* [Exercise requirements] Please write out every record exactly, but keep any images out of it.

Records contained in a dataset
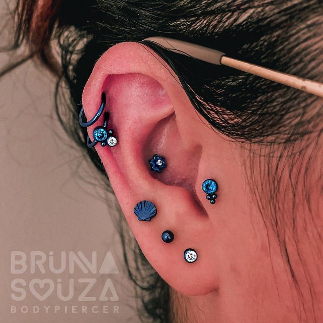 As duas fotos anteriores são de um projeto auricular inspirado no fundo do mar. Ficou lindo né? As perfurações foram no Daith, Conch e Lobe.
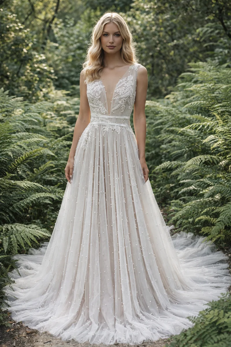 Make an unforgettable entrance in this ethereal aline wedding gown with lace appliques along the bodice, tulle skirt and scattered pearls designed for the modern romantic who dreams of whimsical elegance. This wedding dress captures timeless beauty with its airy silhouette, delicate embroidery, and graceful plunging v-neckline — a perfect harmony of contemporary femininity and fairy-tale charm.
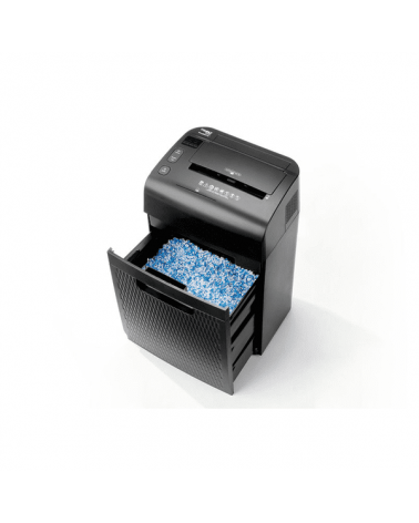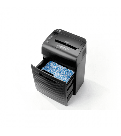 Destructeurs de documents de bureau: performance et confort garantis sur le poste de travail. La fonction d'alimentation automatique permet l'introduction automatique de piles de papier entières ( 120 feuilles de 80 g/m²). Destruction agréable et écologique des documents sans huilage des rouleaux de coupe. Destruction manuelle: 9 feuilles. Niveau de sécurité: P-4/F-2/T-5/E-4. Corbeille de 28L. Dimensions: H585 x L376 xP280 mm.
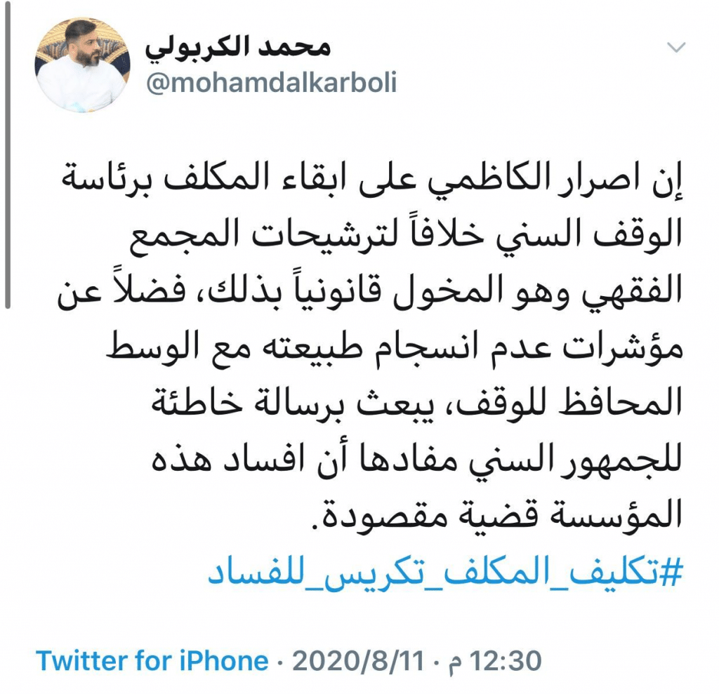 الرئيسية/اخبـار العراق/الكربولي: اصرار الكاظمي على ابقاء المكلف بالوقف السني يبعث برسالة خاطئة للجمهور السني اخبـار العراق أخر الأخبار الكربولي: اصرار الكاظمي على ابقاء المكلف بالوقف السني يبعث برسالة خاطئة للجمهور السني 2020-08-11 382 2020-08-11 382 شاركها فيسبوك X لينكدإن Tumblr بينتيريست Reddit VKontakte Odnoklassniki Pocket مشاركة عبر البريد طباعة
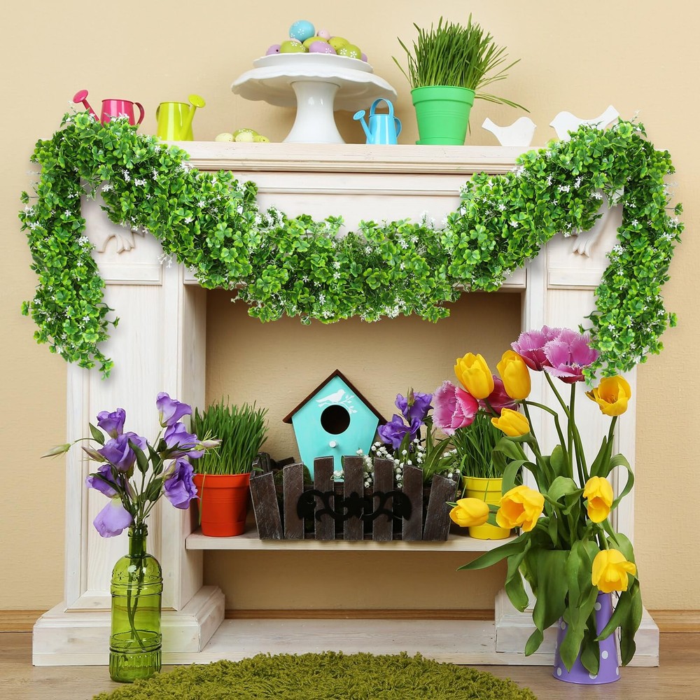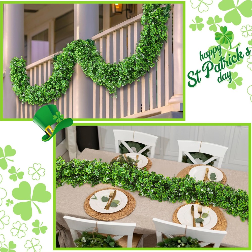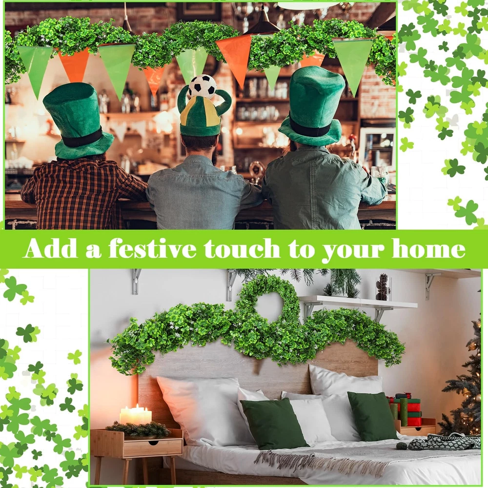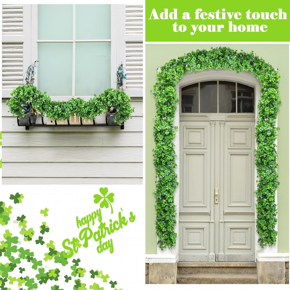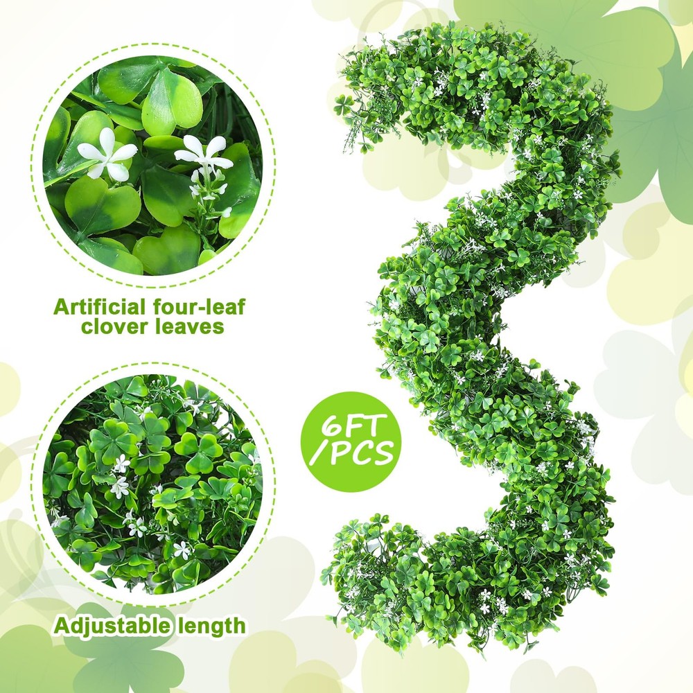 Features: Package include: Celebrate St. Patrick's Day in style with our St. Patrick's Day garland, measuring about a generous 6 feet long and 6.7 inches wide, nice for adding festive charm to any space. Wide application: Ideal for a wide range of settings, this green clover garland looks stunning when displayed on mantelpieces, walls, bedrooms, living rooms or spiral staircase railings. It also beautifully complements other festive decorations without feeling out of place. Specifications: Material: mainly plastic Color: mainly green Size: about 6 feet x 6.7 inches (L x W) Package includes: 1 x St. Patrick's Day garland Notes: Manual measurement, please allow slight errors on size. The color may exist a slight difference due to different screen displays. Vibrant St. Patrick's Day Decoration: enhance your festive spirit with our 6 ft St. Patrick's Day garland featuring realistic green shamrocks that bring a touch of nature into your home, making it the ideal Irish decoration garland for all celebrations Quality Materials: crafted from sturdy and durable plastic with an artificial clover design, our green shamrock garland is designed to withstand various weather conditions, ensuring it won't wilt, fade or easily damage, making it a reliable choice for indoor and outdoor use Flexible Design: the garland made with density floral construction can be flexibly twisted to create your own designs; If any shamrock leaves detach during shaping, they can be easily reattached, allowing for endless creation in your decorations Irish Celebration: our Irish decoration garland is about 6 ft long and 6.7 inches wide; The lifelike green vine design, brings the beauty of nature indoors, making this clover garland for St. Patrick's Day an ideal gift or decoration for your festive celebration Versatile Usage: enhance your home with our St. Patrick's Day decoration that is nice for adorning mantels, walls, bedrooms, living rooms, stair railings, table centerpieces, or combining with other decorations for a cohesive and natural look

* [Task result]
 As duas fotos anteriores são de um projeto auricular inspirado no fundo do mar. Ficou lindo né? As perfurações foram no Daith, Conch e Lobe.
 Make an unforgettable entrance in this ethereal aline wedding gown with lace appliques along the bodice, tulle skirt and scattered pearls designed for the modern romantic who dreams of whimsical elegance. This wedding dress captures timeless beauty with its airy silhouette, delicate embroidery, and graceful plunging v-neckline — a perfect harmony of contemporary femininity and fairy-tale charm.
 Destructeurs de documents de bureau: performance et confort garantis sur le poste de travail. La fonction d'alimentation automatique permet l'introduction automatique de piles de papier entières ( 120 feuilles de 80 g/m²). Destruction agréable et écologique des documents sans huilage des rouleaux de coupe. Destruction manuelle: 9 feuilles. Niveau de sécurité: P-4/F-2/T-5/E-4. Corbeille de 28L. Dimensions: H585 x L376 xP280 mm.
 الرئيسية/اخبـار العراق/الكربولي: اصرار الكاظمي على ابقاء المكلف بالوقف السني يبعث برسالة خاطئة للجمهور السني اخبـار العراق أخر الأخبار الكربولي: اصرار الكاظمي على ابقاء المكلف بالوقف السني يبعث برسالة خاطئة للجمهور السني 2020-08-11 382 2020-08-11 382 شاركها فيسبوك X لينكدإن Tumblr بينتيريست Reddit VKontakte Odnoklassniki Pocket مشاركة عبر البريد طباعة
 Features: Package include: Celebrate St. Patrick's Day in style with our St. Patrick's Day garland, measuring about a generous 6 feet long and 6.7 inches wide, nice for adding festive charm to any space. Wide application: Ideal for a wide range of settings, this green clover garland looks stunning when displayed on mantelpieces, walls, bedrooms, living rooms or spiral staircase railings. It also beautifully complements other festive decorations without feeling out of place. Specifications: Material: mainly plastic Color: mainly green Size: about 6 feet x 6.7 inches (L x W) Package includes: 1 x St. Patrick's Day garland Notes: Manual measurement, please allow slight errors on size. The color may exist a slight difference due to different screen displays. Vibrant St. Patrick's Day Decoration: enhance your festive spirit with our 6 ft St. Patrick's Day garland featuring realistic green shamrocks that bring a touch of nature into your home, making it the ideal Irish decoration garland for all celebrations Quality Materials: crafted from sturdy and durable plastic with an artificial clover design, our green shamrock garland is designed to withstand various weather conditions, ensuring it won't wilt, fade or easily damage, making it a reliable choice for indoor and outdoor use Flexible Design: the garland made with density floral construction can be flexibly twisted to create your own designs; If any shamrock leaves detach during shaping, they can be easily reattached, allowing for endless creation in your decorations Irish Celebration: our Irish decoration garland is about 6 ft long and 6.7 inches wide; The lifelike green vine design, brings the beauty of nature indoors, making this clover garland for St. Patrick's Day an ideal gift or decoration for your festive celebration Versatile Usage: enhance your home with our St. Patrick's Day decoration that is nice for adorning mantels, walls, bedrooms, living rooms, stair railings, table centerpieces, or combining with other decorations for a cohesive and natural look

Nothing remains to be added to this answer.